Stored records:
========================================

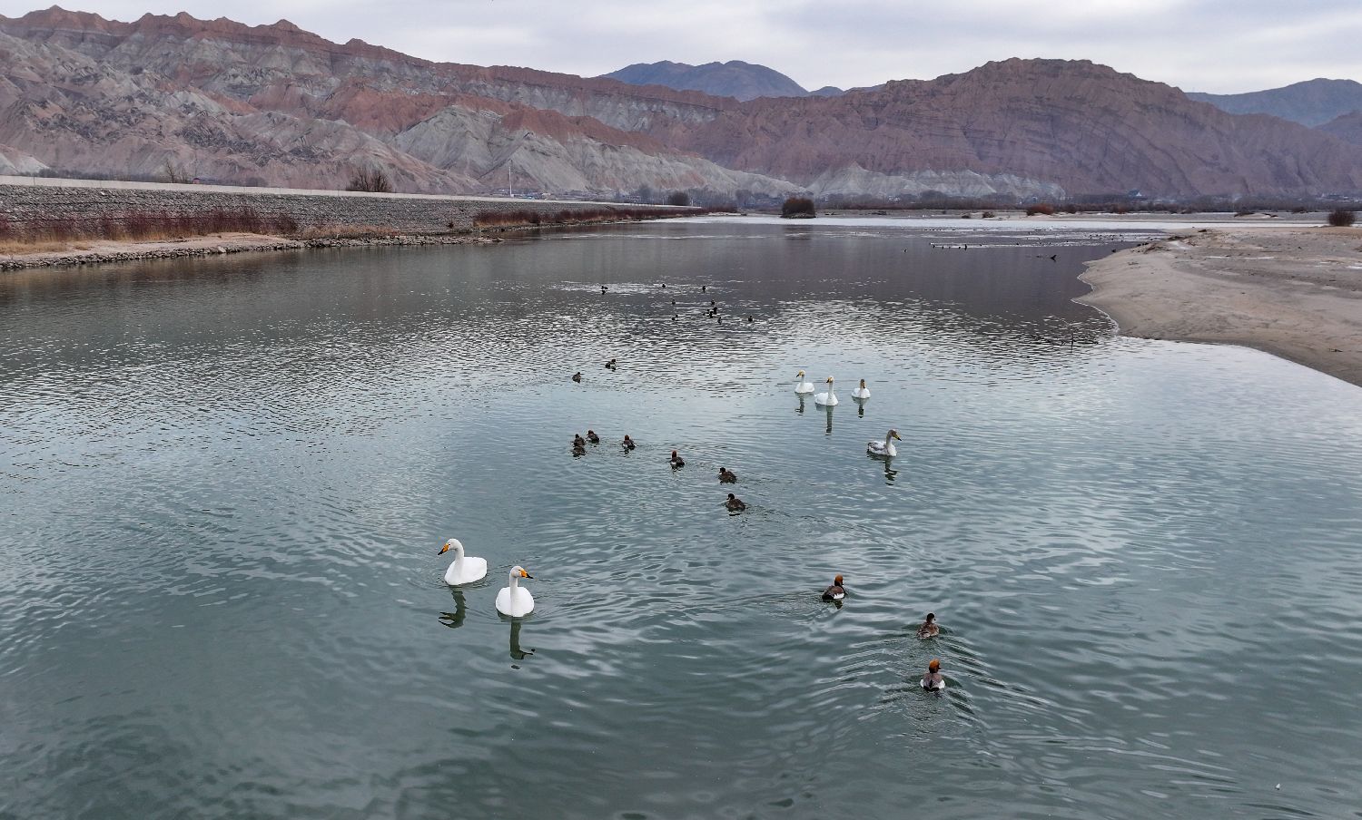 近日,随着北半球气候逐步变暖,鸟类开始春季迁徙。大批越冬候鸟在河流、湖泊与湿地水面停歇觅食,补充长途迁徙所需的能量,往日平静的水面也因为候鸟的到来而变得热闹起来。2月27日,越冬候鸟与丹霞地貌相映成趣。当日,在青海省海南藏族自治州贵德县境内,大天鹅等越冬候鸟在清清的黄河水中,时而游弋,时而嬉戏,与远处壮美的丹霞地貌勾勒出一幅幅充满生机的春日山水画卷。(无人机照片)图片来源:中新社
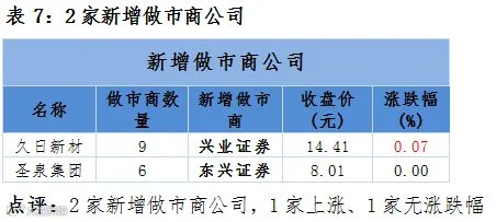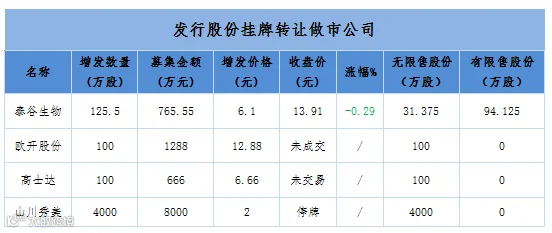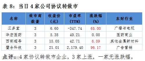 点评:4家新增发行股份并挂牌转让做市企业,1家下跌、2家正常交易未成交、1家停牌未申报。
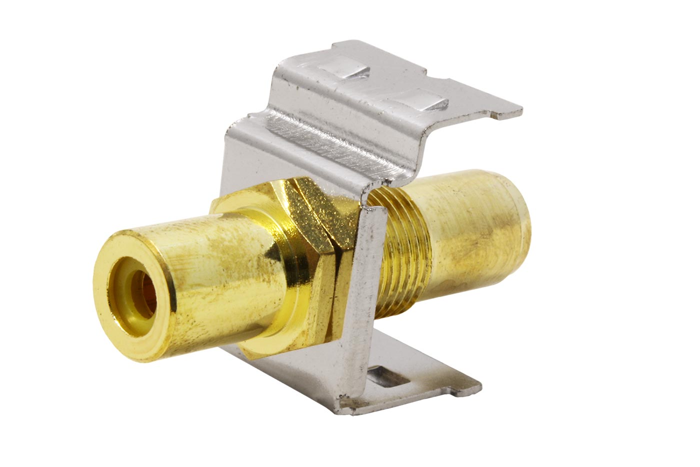 Keystone spojka cinch (RCA) konektorů s kovovým tělem modulu.;
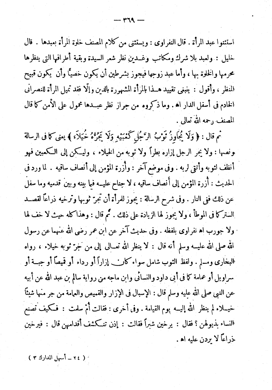 الرسالة ونصها: ولا يجر الرجل إزاره بطرًا ولا ثوبه من الخيلاء، وليكن إلى الكعبين فهو أنظف لثوبه وأتقى لربه. وفي موضع آخر: وأزرة المؤمن إلى أنصاف ساقيه. لما ورد في الحديث: أزروة المؤمن إلى أنصاف ساقيه، لا جناح عليه فيما بينه وبين قدميه وما سفل عن ذلك ففي النار. وفي شرح الرسالة: يجوز للمرأة أن تجر ثوبها وترخيه ذراعًا لقصد الستر كما في الموطأ، ولا يجوز لها الزيادة على ذلك. ثم قال: وهذا كله حيث لا خف لها ولا جورب اهـ. النفراوي بلفظه. وفي حديث آخر عن ابن عمر رضي الله عنهما، عن رسول الله صلى الله عليه وسلم أنه قال: ((لا ينظر الله تعالى إلى من جر ثوبه خيلاء))، رواه البخاري ومسلم. ولفظ الثوب شامل سواء كان إزارًا أو رداء أو قميصًا أو جبة أو سراويل أو عمامة كما في أبي داود والنسائي وابن ماجه من رواية سالم بن عبد الله عن أبيه عن النبي صلى الله عليه وسلم قال: ((الإسبال في الإزار والقميص والعمامة من جر منها شيئًا خيلاء لم ينظر الله إليه يوم القيامة))، وفي أخرى: فقالت أم سلمة: فكيف تصنع النساء بذيولهن؟ فقال: ((يرخين شبرًا))، فقالت: إذن تنكشف أقدامهن قال: ((فيرخين ذراعًا لا يردن عليه)) اهـ.
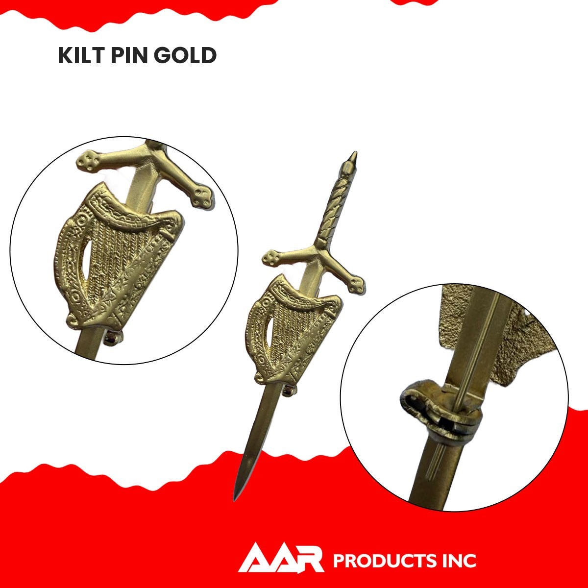 Kilt Pins Scottish Irish Celtic Highland Harp Sword kilts Pin 4 3 Gold Pins AAR
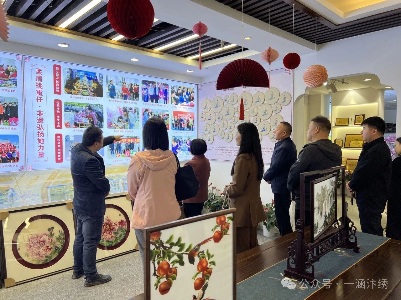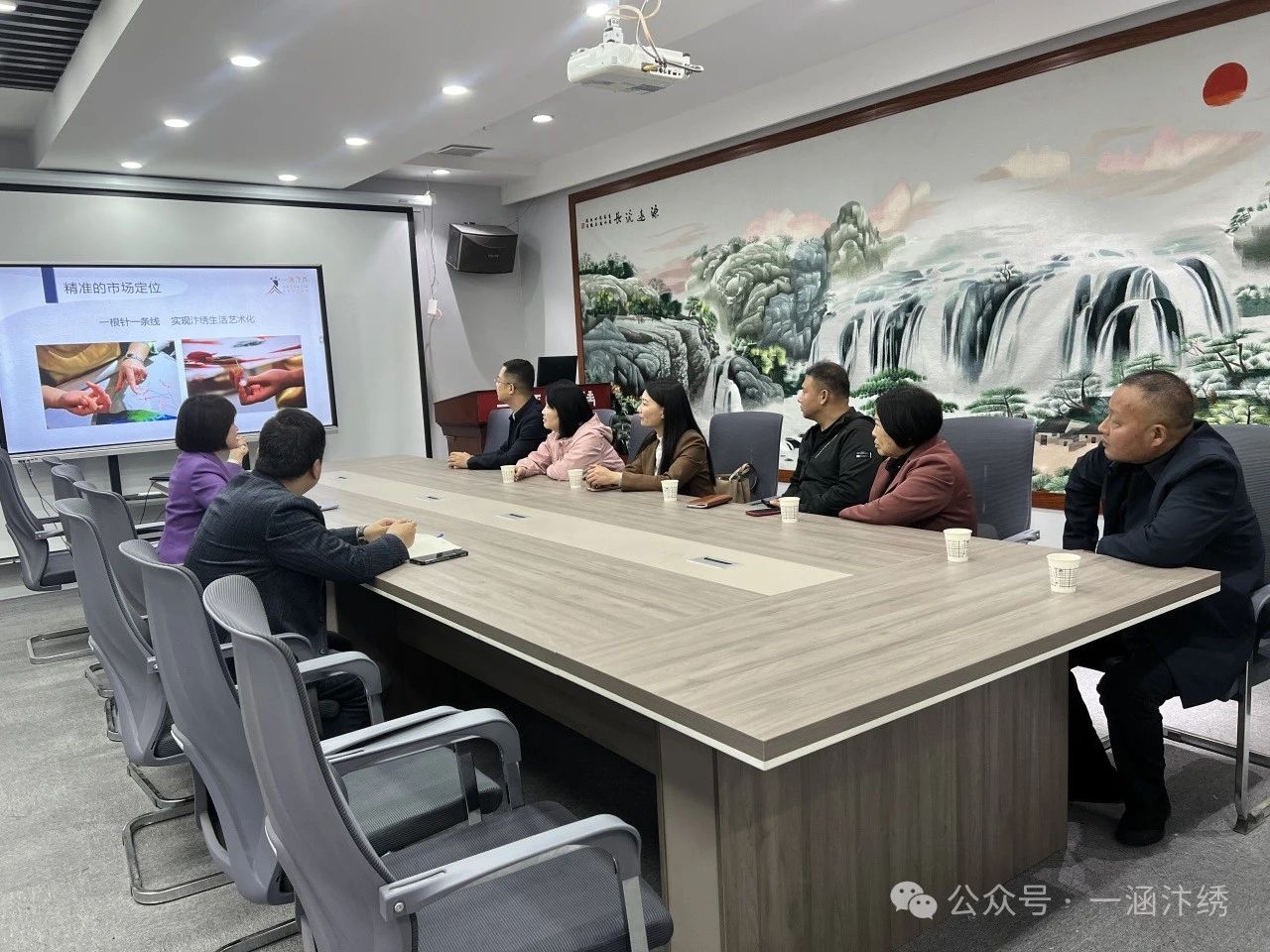 在董事長張留鳳的帶領(lǐng)下,開封市龍亭區(qū)婦聯(lián)領(lǐng)導(dǎo)及非遺傳承人王素花團(tuán)隊(duì)一行人首先參觀了一涵汴繡禮品展廳、文創(chuàng)展廳、軟裝展廳等,現(xiàn)場了解了一涵汴繡的發(fā)展歷程、運(yùn)營模式與發(fā)展規(guī)劃等情況,觀摩了不同種類汴繡產(chǎn)品的應(yīng)用場景,并圍繞非遺資源、運(yùn)營創(chuàng)新、數(shù)字經(jīng)濟(jì)等方面進(jìn)行座談交流。
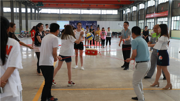 公司開展拓展活動(dòng)---同心鼓。抽簽選出18個(gè)人,分成兩組比賽,9個(gè)人一組,每組一個(gè)組長(zhǎng),負(fù)責(zé)制定擊球策略。一個(gè)負(fù)責(zé)發(fā)球,其余8個(gè)人一同抓著鼓上的繩子,牽著鼓去擊球。定時(shí)4分鐘,計(jì)算擊球的個(gè)數(shù),擊球個(gè)數(shù)多者勝出。
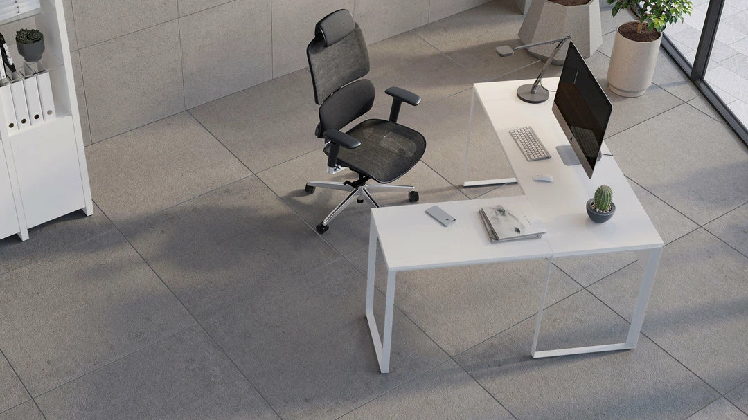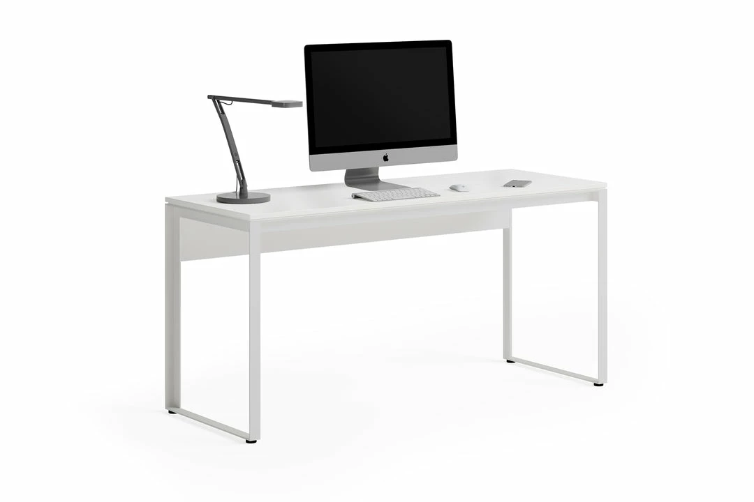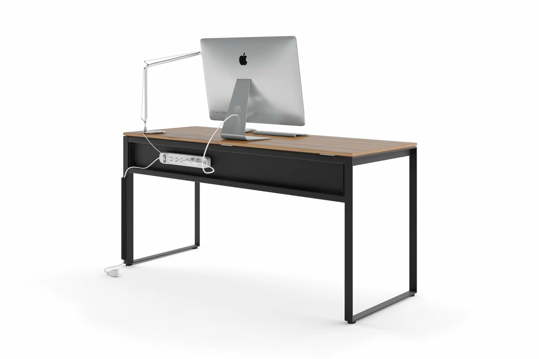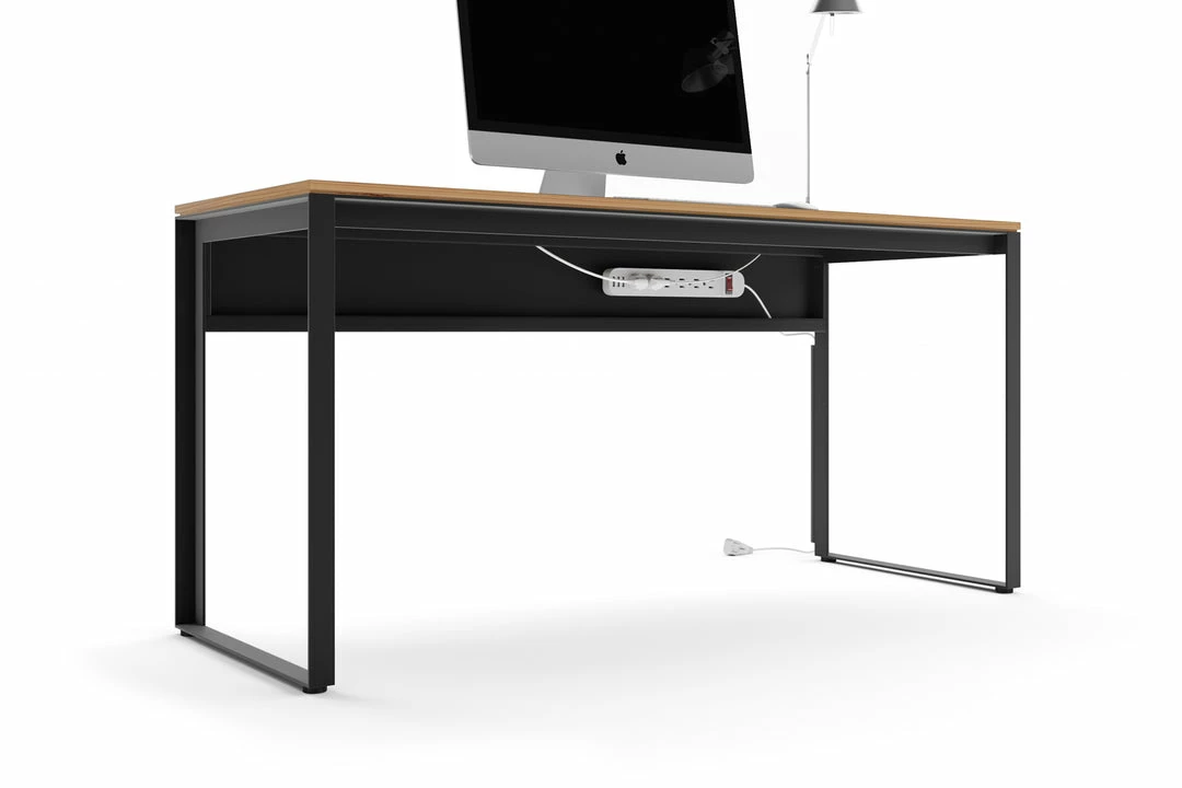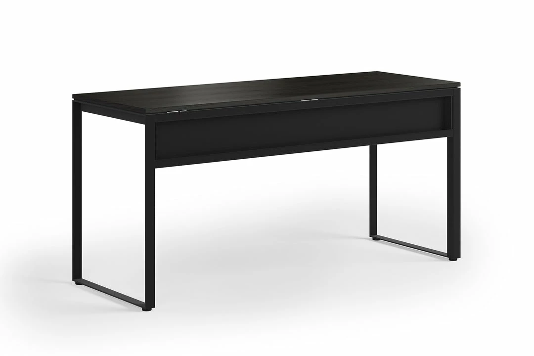 An access panel conceals the power management trough and any excess cabling contained within. Use the included cable channel to route wires down the leg of the desk for a clean and clutter-free look.

========================================

» **What the exercise asks**
What belongs in the answer is each line above from the line with "点评:4家新增发行股份并挂牌" to the line with "Kilt Pins Scottish", inclusive, reproduced exactly and free of pictures.

» **Written solution**
 点评:4家新增发行股份并挂牌转让做市企业,1家下跌、2家正常交易未成交、1家停牌未申报。
 Keystone spojka cinch (RCA) konektorů s kovovým tělem modulu.;
 الرسالة ونصها: ولا يجر الرجل إزاره بطرًا ولا ثوبه من الخيلاء، وليكن إلى الكعبين فهو أنظف لثوبه وأتقى لربه. وفي موضع آخر: وأزرة المؤمن إلى أنصاف ساقيه. لما ورد في الحديث: أزروة المؤمن إلى أنصاف ساقيه، لا جناح عليه فيما بينه وبين قدميه وما سفل عن ذلك ففي النار. وفي شرح الرسالة: يجوز للمرأة أن تجر ثوبها وترخيه ذراعًا لقصد الستر كما في الموطأ، ولا يجوز لها الزيادة على ذلك. ثم قال: وهذا كله حيث لا خف لها ولا جورب اهـ. النفراوي بلفظه. وفي حديث آخر عن ابن عمر رضي الله عنهما، عن رسول الله صلى الله عليه وسلم أنه قال: ((لا ينظر الله تعالى إلى من جر ثوبه خيلاء))، رواه البخاري ومسلم. ولفظ الثوب شامل سواء كان إزارًا أو رداء أو قميصًا أو جبة أو سراويل أو عمامة كما في أبي داود والنسائي وابن ماجه من رواية سالم بن عبد الله عن أبيه عن النبي صلى الله عليه وسلم قال: ((الإسبال في الإزار والقميص والعمامة من جر منها شيئًا خيلاء لم ينظر الله إليه يوم القيامة))، وفي أخرى: فقالت أم سلمة: فكيف تصنع النساء بذيولهن؟ فقال: ((يرخين شبرًا))، فقالت: إذن تنكشف أقدامهن قال: ((فيرخين ذراعًا لا يردن عليه)) اهـ.
 Kilt Pins Scottish Irish Celtic Highland Harp Sword kilts Pin 4 3 Gold Pins AAR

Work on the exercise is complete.